I have a dataframe like this:
peakID cytoband start end length 10.388_116 10.193_156 10.401_184 10.214_385
0 Amp_2q37.3_chr2:237990001-242193529 2q37.3 237990001 242193529 4203528 1 0 0 0
1 Del_2q37.3_chr2:226990001-242193529 2q37.3 226990001 242193529 15203528 -1 0 0 0
Notice how peakID
is different, but cytoband
is not. I need to unpivot this table (using a function from pyjanitor
) without keeping peakID
. Currently I do:
import pandas as pd
import pyjanitor
from natsort import natsort_keygen
table = (
table
.drop(columns="peakID")
.pivot_longer(index=["cytoband", "start", "end", "length"],
names_to="sample", values_to="state")
.sort_values(["cytoband", "sample"], key=natsort_keygen())

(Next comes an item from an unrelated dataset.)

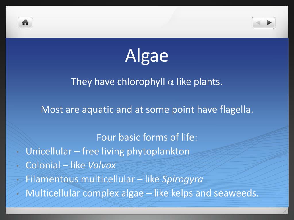 Algae They have chlorophyll a like plants. Most are aquatic and at some point have flagella. Four basic forms of life: Unicellular – free living phytoplankton Colonial – like Volvox Filamentous multicellular – like Spirogyra Multicellular complex algae – like kelps and seaweeds.

.remove_columns(["length", "start", "end"])
.set_index("cytoband")
)
And the end result looks like this:
table.loc["2q37.3", :]
Out[36]:
sample state
cytoband
2q37.3 10.193_156 0
2q37.3 10.193_156 0
2q37.3 10.214_385 0
2q37.3 10.214_385 0
2q37.3 10.388_116 1
2q37.3 10.388_116 -1
2q37.3 10.401_184 0
2q37.3 10.401_184 0
The problem lies in the fact that if cytoband
is duplicated in different peakID
s, the resulting table will have the two records (state
) for each sample mixed up (as they don't have the relevant unique ID anymore).
The idea would be to suffix the duplicate records across distinct peakIDs (e.g. "2q37.3_A", "2q37.3_B", but I'm not sure on how to do that with groupby
or pandas in general as I need information from more than one group.
What's the cleanest solution to do this? Existing solutions (or this one) don't really fit.